▸ INSTRUCTIONS TO FOLLOW
An exact copy of every record, without the pictures, is what should come back.

▸ MATERIAL PROVIDED
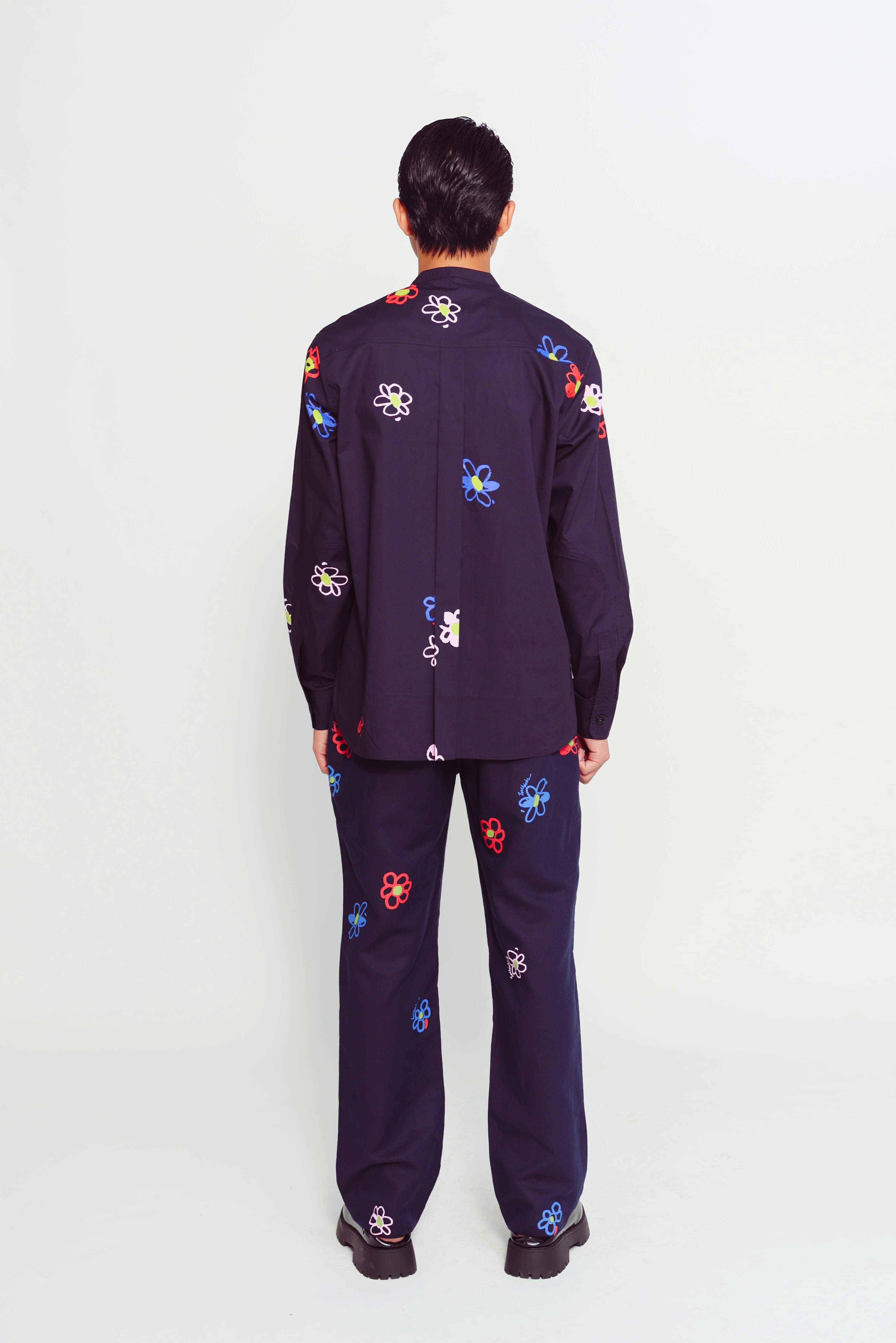 This men’s printed handloom linen full-sleeve shirt features a unique print, a chinese collar, and a front placket. The linen fabric offers breathability, while the design adds a touch of sophistication and modern style.
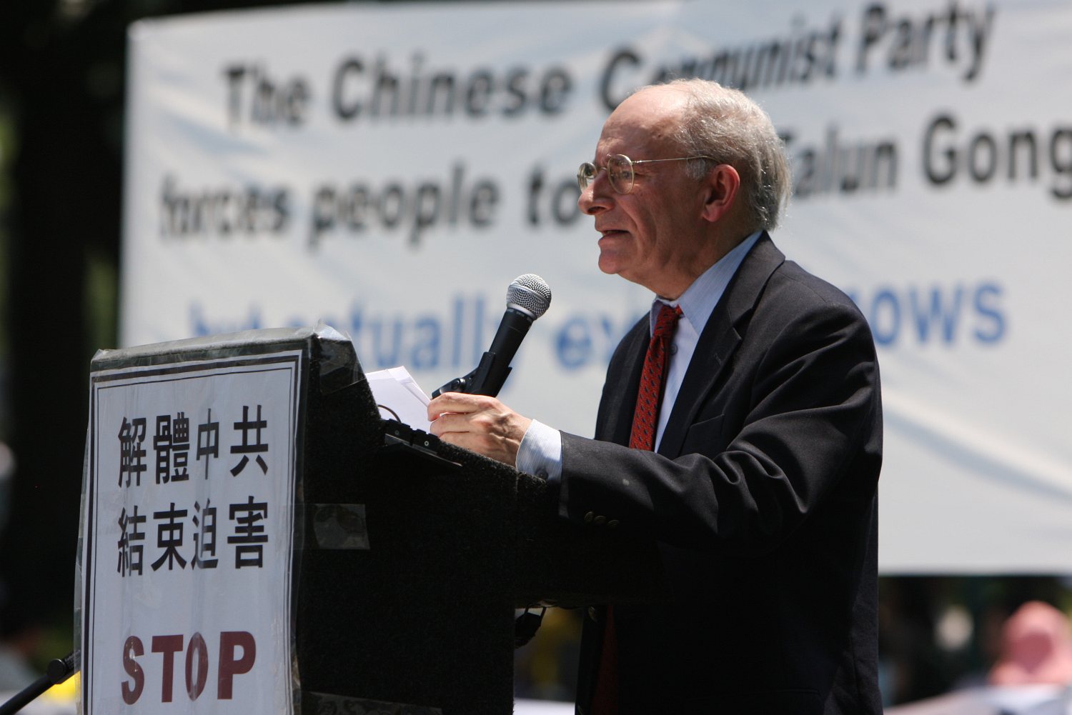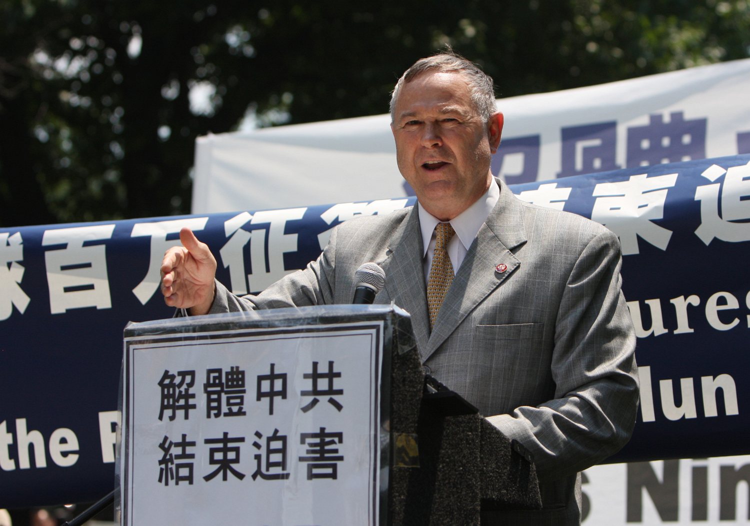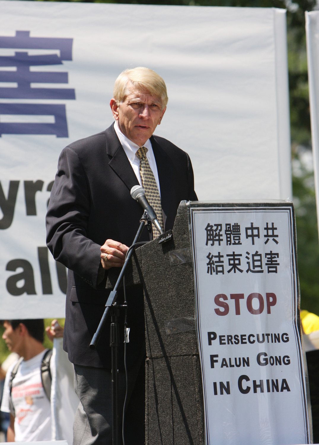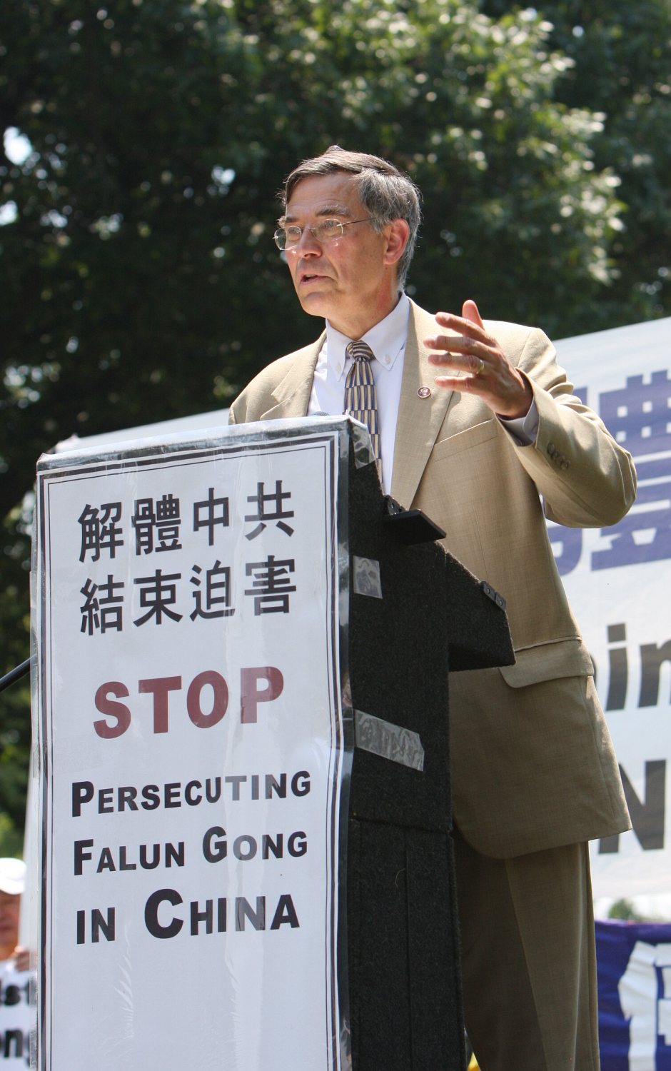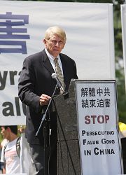美国众议员Rush Holt在集会发言上说,每年这个时候,法轮功学员在酷热天气下集会,这本身就说明了问题。“我把他们身处阳光之下视作一种象征:就是曝光迫害、曝光(中共)抹杀人权。”
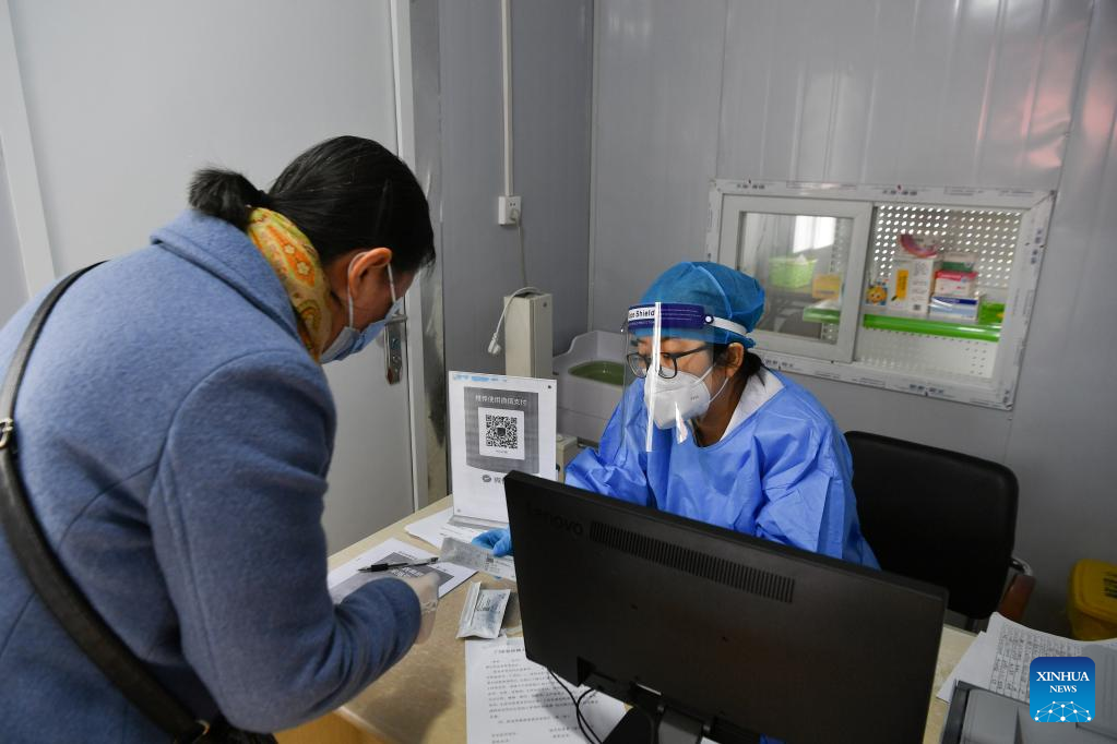 A citizen receives COVID-19 antigen test at a fever clinic in Lianhu District of Xi'an, northwest China's Shaanxi Province, Dec. 19, 2022. (Photo by Zou Jingyi/Xinhua)
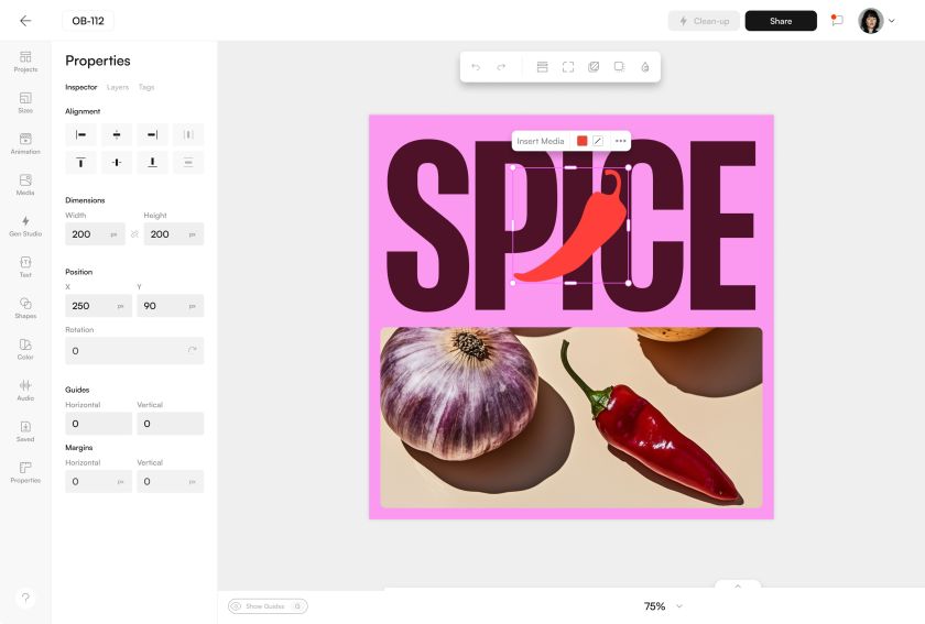 Crucially, though, human judgment remains central, and designers can easily override the AI suggestions. Even the image generation feature, Gen Studio, requires reference material. “You can’t just give it a prompt,” Ben explains. “You always need a point of reference.”
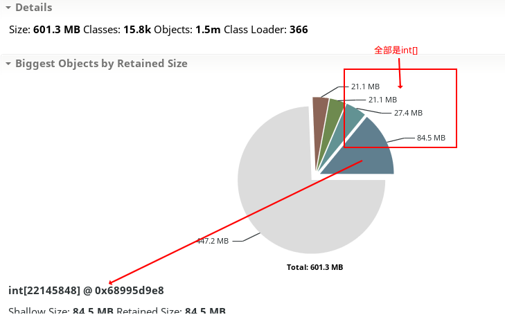 结果很出乎意料:int[]数组居然占用了数十兆内存,总计占了1/4!
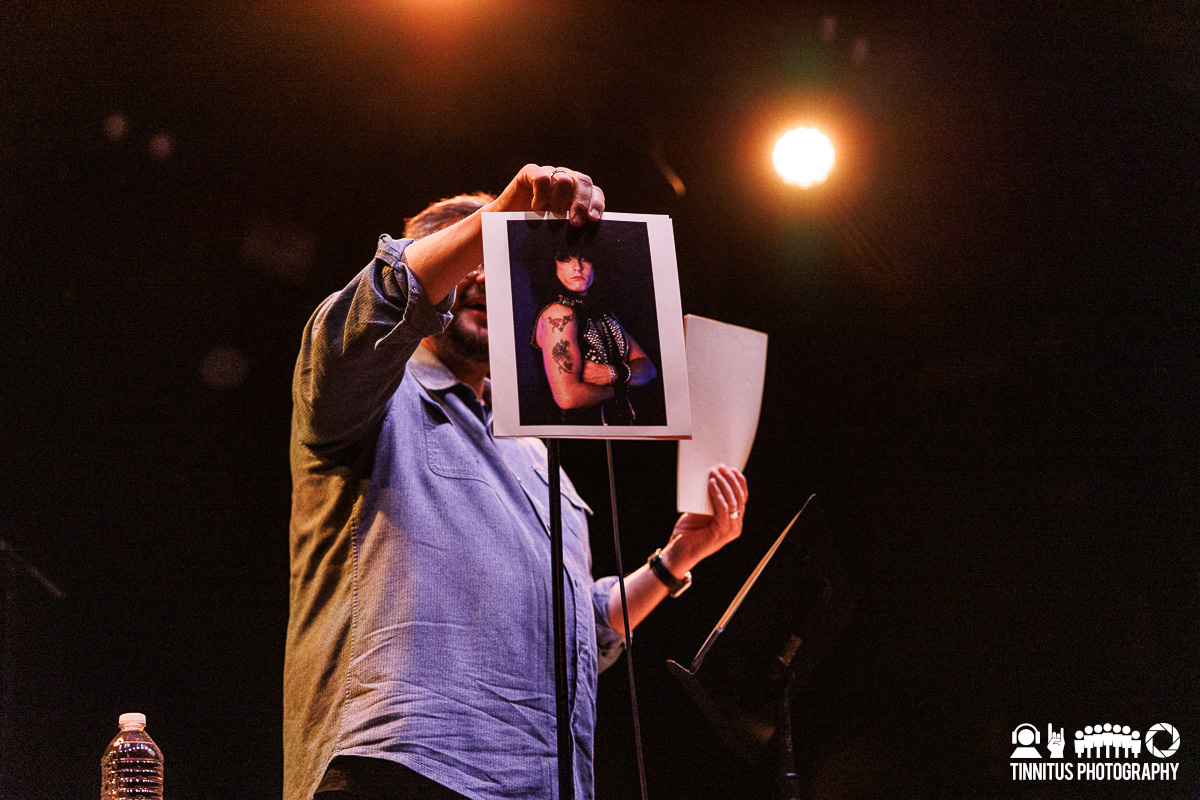Meanwhile, Boston resident Eugene Mirman took over next, reprising and updating his classic bit about finding random celebs on Venmo and sending them money, like sending $150 to Nikki Sixx annotated “For housecleaning.” He also made some custom bumper stickers that were pretty funny. He ended with an relevant anecdote of his time with Stipe at Peter Buck’s short-lived music event in Todos Santos where he got mugged by the Mexican police, taking his $100 in pesos and wishing he’d stuffed his pockets with brie cheese instead. “You fucked with the wrong American!”
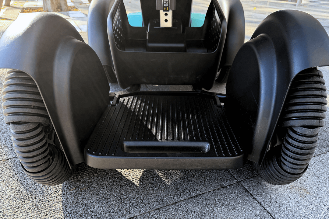 前輪には3Dホイールを採用。最小回転半径はわずか80cmなので狭い場所でもスムーズに方向転換が可能です。屋内や歩道、施設内など、限られたスペースでもストレスなく扱えます。

▸ RESPONSE AREA
 This men’s printed handloom linen full-sleeve shirt features a unique print, a chinese collar, and a front placket. The linen fabric offers breathability, while the design adds a touch of sophistication and modern style.
美国众议员Rush Holt在集会发言上说,每年这个时候,法轮功学员在酷热天气下集会,这本身就说明了问题。“我把他们身处阳光之下视作一种象征:就是曝光迫害、曝光(中共)抹杀人权。”
 A citizen receives COVID-19 antigen test at a fever clinic in Lianhu District of Xi'an, northwest China's Shaanxi Province, Dec. 19, 2022. (Photo by Zou Jingyi/Xinhua)
 Crucially, though, human judgment remains central, and designers can easily override the AI suggestions. Even the image generation feature, Gen Studio, requires reference material. “You can’t just give it a prompt,” Ben explains. “You always need a point of reference.”
 结果很出乎意料:int[]数组居然占用了数十兆内存,总计占了1/4!
Meanwhile, Boston resident Eugene Mirman took over next, reprising and updating his classic bit about finding random celebs on Venmo and sending them money, like sending $150 to Nikki Sixx annotated “For housecleaning.” He also made some custom bumper stickers that were pretty funny. He ended with an relevant anecdote of his time with Stipe at Peter Buck’s short-lived music event in Todos Santos where he got mugged by the Mexican police, taking his $100 in pesos and wishing he’d stuffed his pockets with brie cheese instead. “You fucked with the wrong American!”
 前輪には3Dホイールを採用。最小回転半径はわずか80cmなので狭い場所でもスムーズに方向転換が可能です。屋内や歩道、施設内など、限られたスペースでもストレスなく扱えます。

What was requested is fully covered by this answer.